Correlation Coefficient: -0.026771448055269292
P-Value: 0.007422037242741072
Reject the null hypothesis: There is a significant correlation between credit scores and attrition.


* The correlation coefficent is is -0.0268 which indicates there is a weak negative correlation between Credit Score and Exited. 

* The P-Value is 0.0074 which is less than the significance level, suggesting the correlation is statistically significant. 

* Reject the null hypothesis as there is a statistically significant although weak negative correlation between the two variables. Suggesting a relationship exists but credit score alone is unlikely to be a strong predictor of attrition. 

## **Hypothesis 3:** Using a Mann-Whitney U Test

Customers with shorter tenure at the bank are more likely to attrite.

If newer customers are more prone to leaving, it may signal issues with onboarding, early experience, or unmet expectations. This insight is crucial for improving customer retention strategies during the first few months of engagement

In [9]:
# CoPilot Assistance
# Import necessary libraries for hypothesis testing
from scipy.stats import mannwhitneyu

# Split the dataset into two groups: customers who exited and those who did not
attrited_customers = df[df['Exited'] == 1]['Tenure']  # Customers who left the bank
retained_customers = df[df['Exited'] == 0]['Tenure']  # Customers who stayed

# Perform the Mann-Whitney U Test to compare the tenure between the two groups
u_stat, p_value = mannwhitneyu(attrited_customers, retained_customers, alternative='two-sided')

# Display the results
print("U-Statistic:", u_stat)
print("P-Value:", p_value)

# Interpret the results
alpha = 0.05  # Significance level
if p_value < alpha:
    print("Reject the null hypothesis: Customers with shorter tenure at the bank are more likely to attrite.")
else:
    print("Fail to reject the null hypothesis: No significant difference in tenure between attrited and retained customers.")

U-Statistic: 7955556.0
P-Value: 0.1729583374544681
Fail to reject the null hypothesis: No significant difference in tenure between attrited and retained customers.

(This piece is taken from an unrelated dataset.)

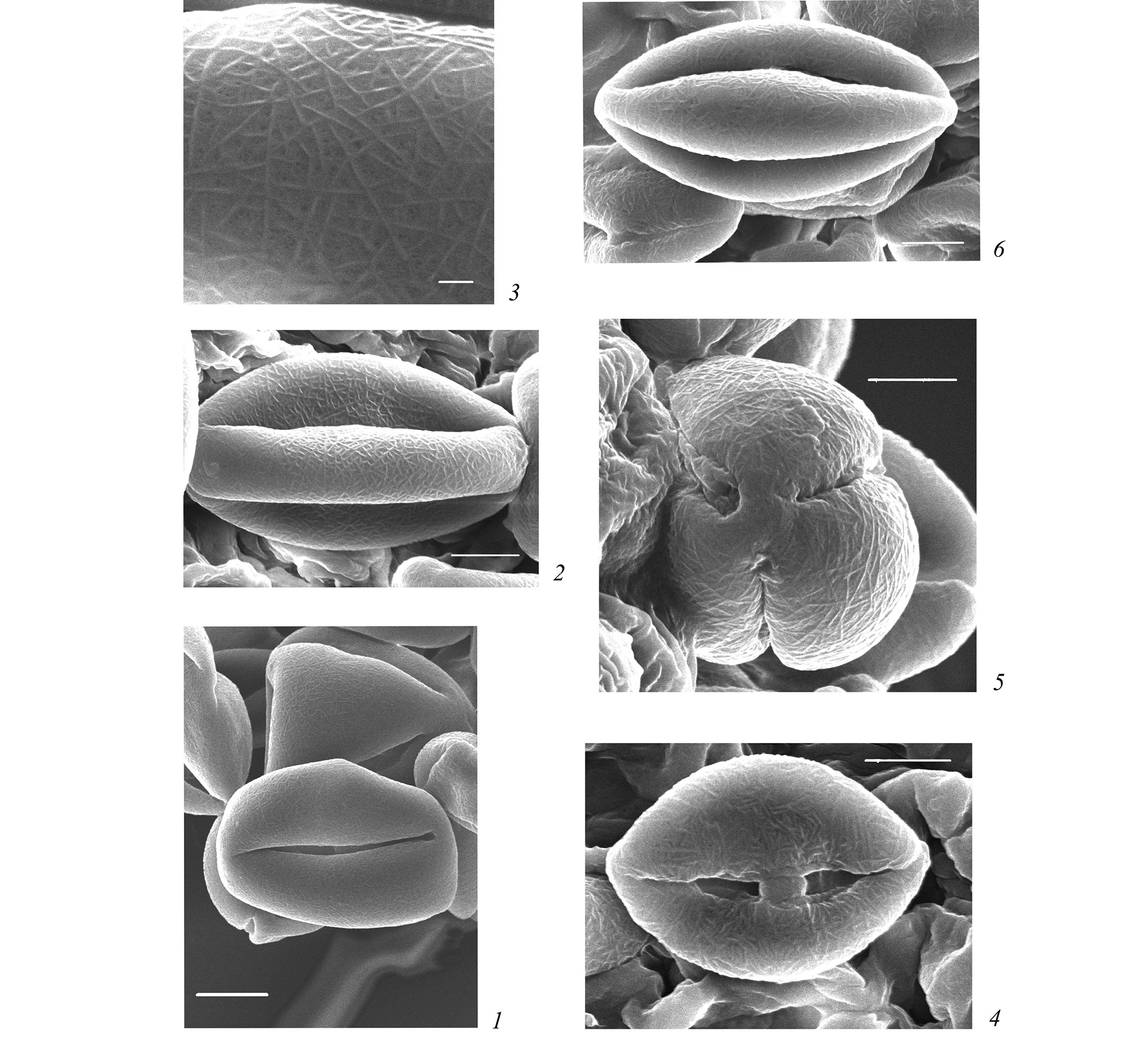 1, 4– equatorial view of pollen grain; 2, 5, 6 – general view of the pollen grains, apertures are visible; 3 – surface of pollen grain. Scale bars, µm: 1 – 10; 2, 4–6 – 5; 3 – 1.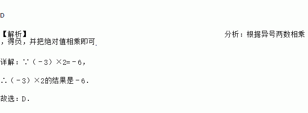 计算(﹣3)×2的结果是( )

* The U-Statistic is 7955556.0, which suggests the two groups overlap significantly meaning there is little difference between them. 

* The P-Value is 0.1729 which greater than the significance level. Indidcating the observed difference between Tenure and Attrition is not statistically significant. 

* Fail to reject the null hypothesis as no statistical significance.